Below are entries with pictures in them. Output exactly the lines starting at the line with "흰색 토끼 보관 장식품" and ending at the line with "Queenie Cao Jewelry", both included, but not the pictures.

- Dataset entries
________________
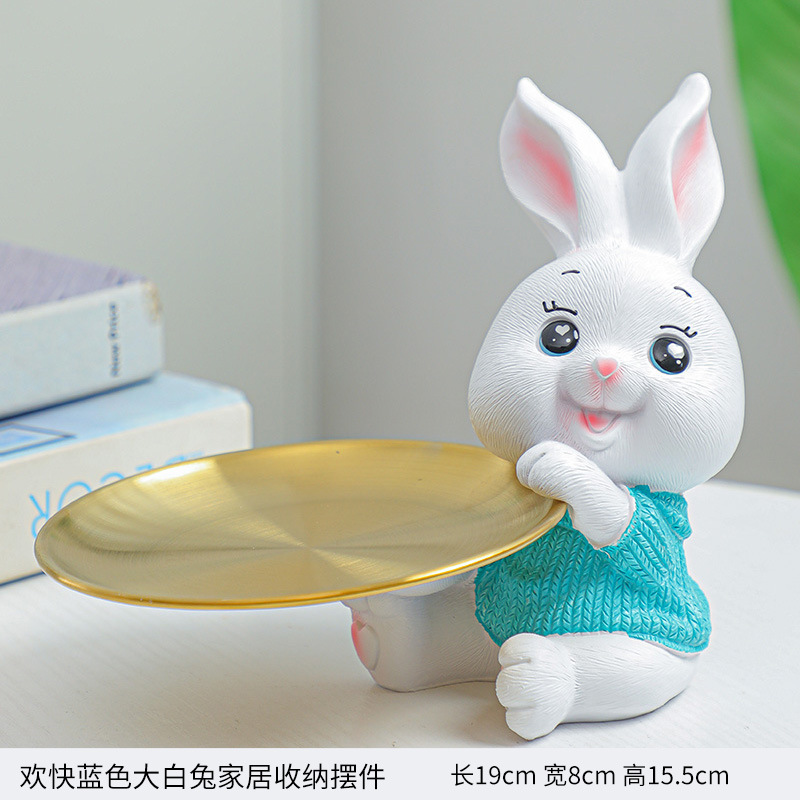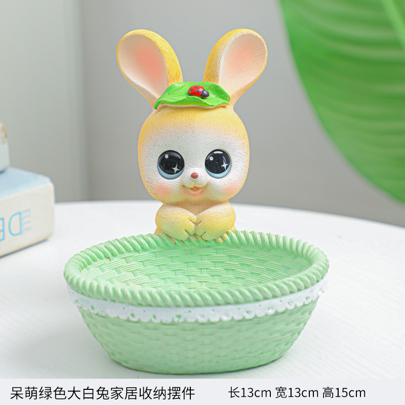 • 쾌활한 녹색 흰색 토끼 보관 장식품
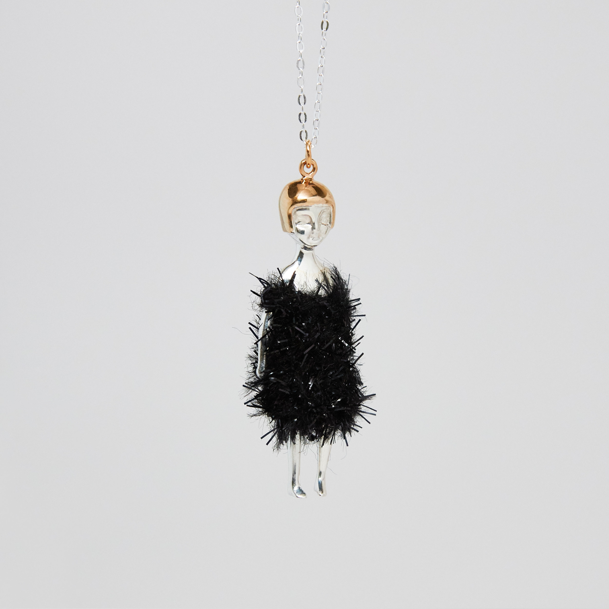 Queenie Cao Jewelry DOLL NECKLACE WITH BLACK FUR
________________
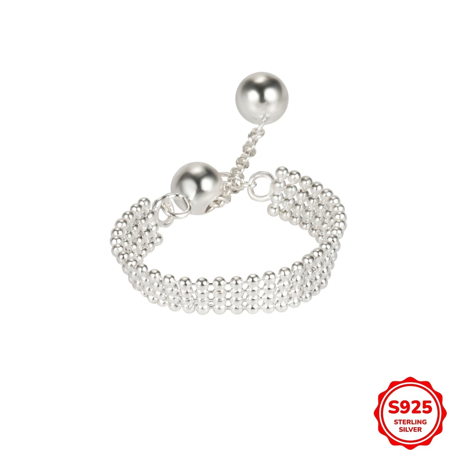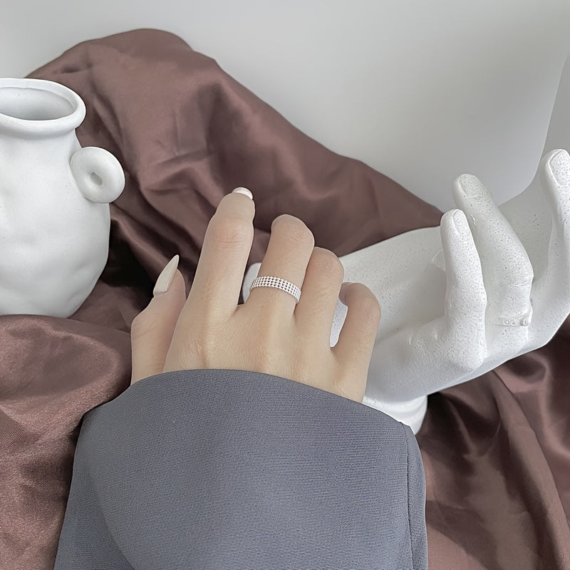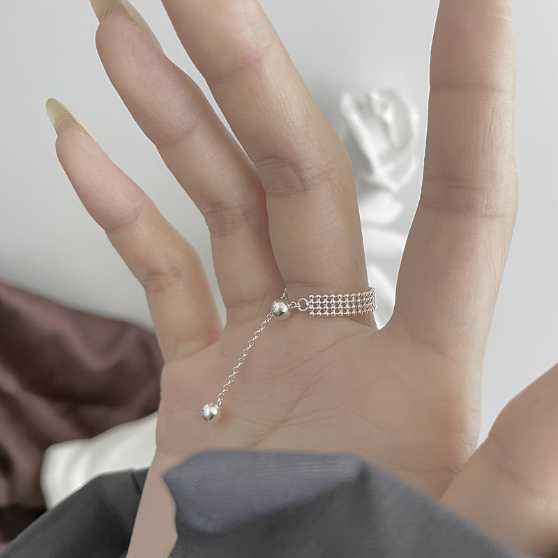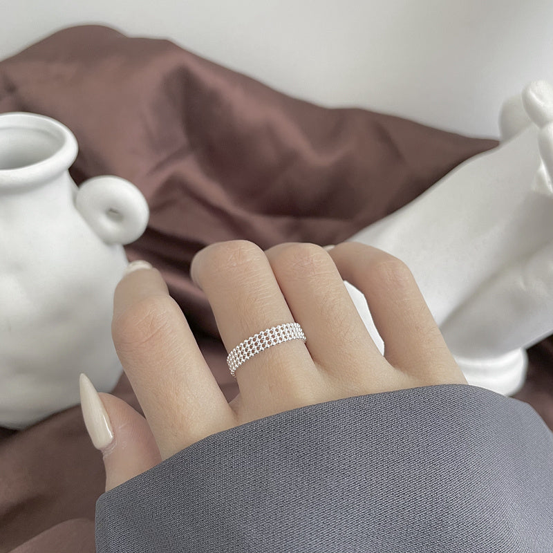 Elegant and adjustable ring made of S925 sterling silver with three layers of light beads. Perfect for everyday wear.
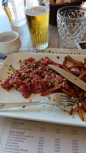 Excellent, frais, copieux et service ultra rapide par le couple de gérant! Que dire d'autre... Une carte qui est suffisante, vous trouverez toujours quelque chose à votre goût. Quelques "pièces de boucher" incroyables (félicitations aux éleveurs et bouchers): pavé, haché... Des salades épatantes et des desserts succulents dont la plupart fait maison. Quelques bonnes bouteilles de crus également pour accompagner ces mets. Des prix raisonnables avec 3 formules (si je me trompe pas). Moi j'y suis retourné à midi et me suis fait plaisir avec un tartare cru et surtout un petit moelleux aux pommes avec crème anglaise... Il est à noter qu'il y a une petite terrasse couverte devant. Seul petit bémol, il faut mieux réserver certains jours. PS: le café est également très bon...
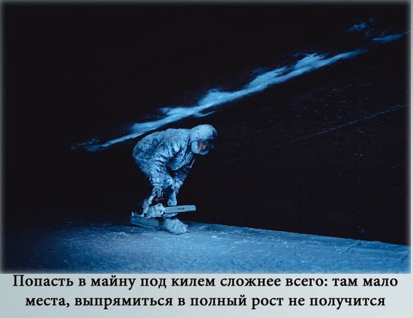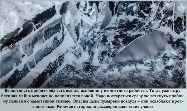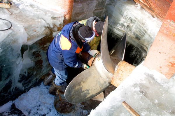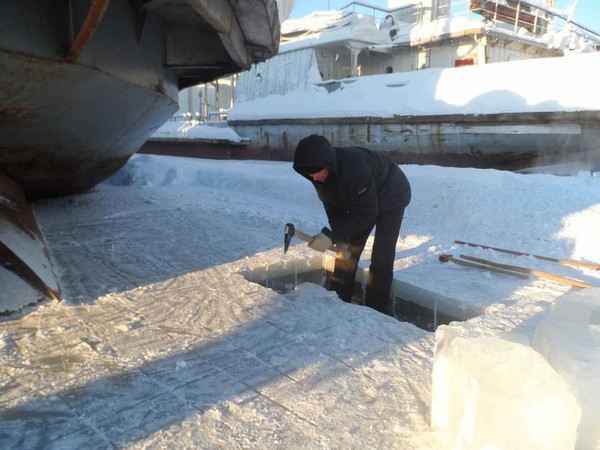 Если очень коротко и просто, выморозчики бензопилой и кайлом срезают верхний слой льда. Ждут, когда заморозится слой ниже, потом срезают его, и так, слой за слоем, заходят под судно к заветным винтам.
________________
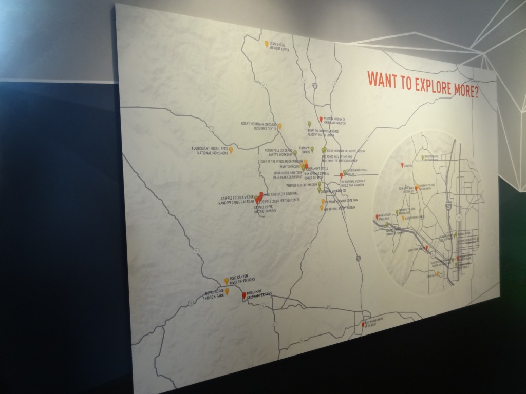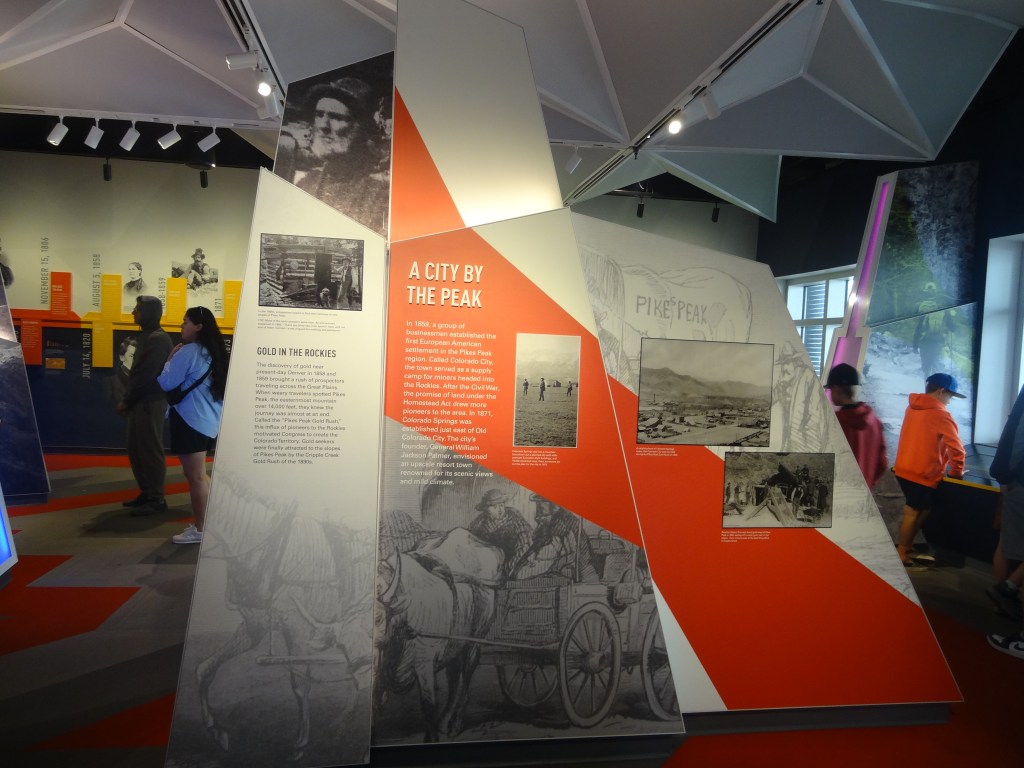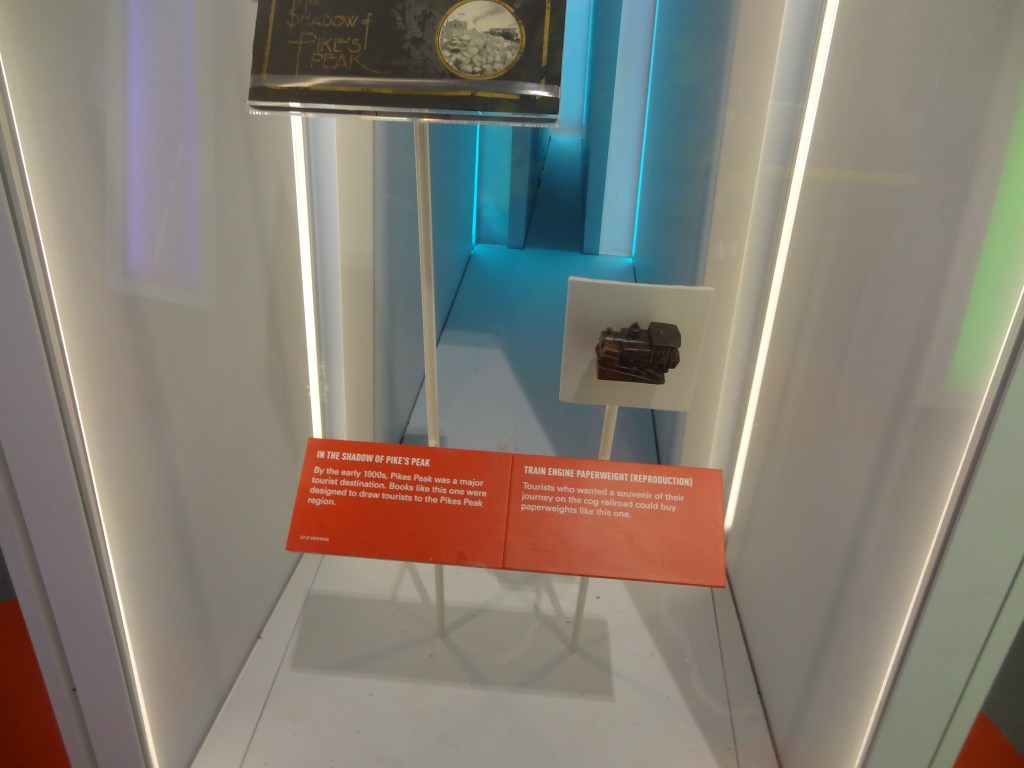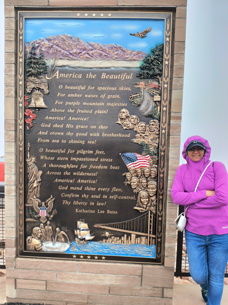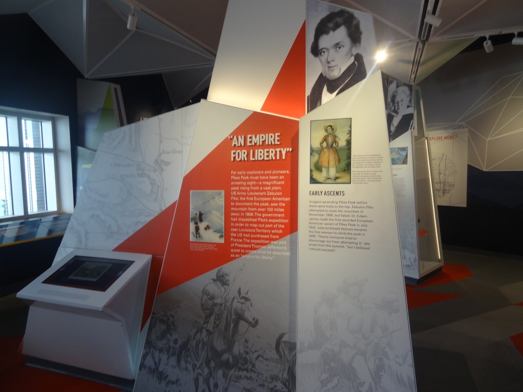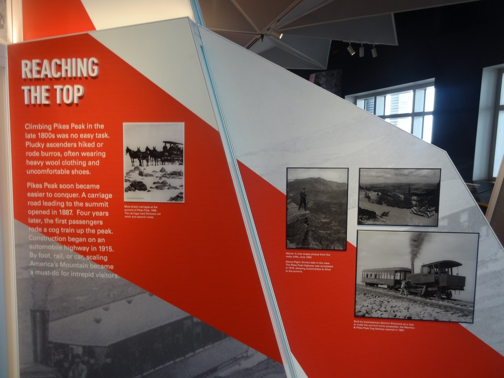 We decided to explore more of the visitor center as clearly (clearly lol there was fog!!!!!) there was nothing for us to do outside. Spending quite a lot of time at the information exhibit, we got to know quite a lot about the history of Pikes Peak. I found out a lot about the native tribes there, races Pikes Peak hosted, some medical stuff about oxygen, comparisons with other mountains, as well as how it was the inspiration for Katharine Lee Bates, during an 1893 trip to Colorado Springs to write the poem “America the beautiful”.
________________
- Task output
 • 쾌활한 녹색 흰색 토끼 보관 장식품
 Queenie Cao Jewelry DOLL NECKLACE WITH BLACK FUR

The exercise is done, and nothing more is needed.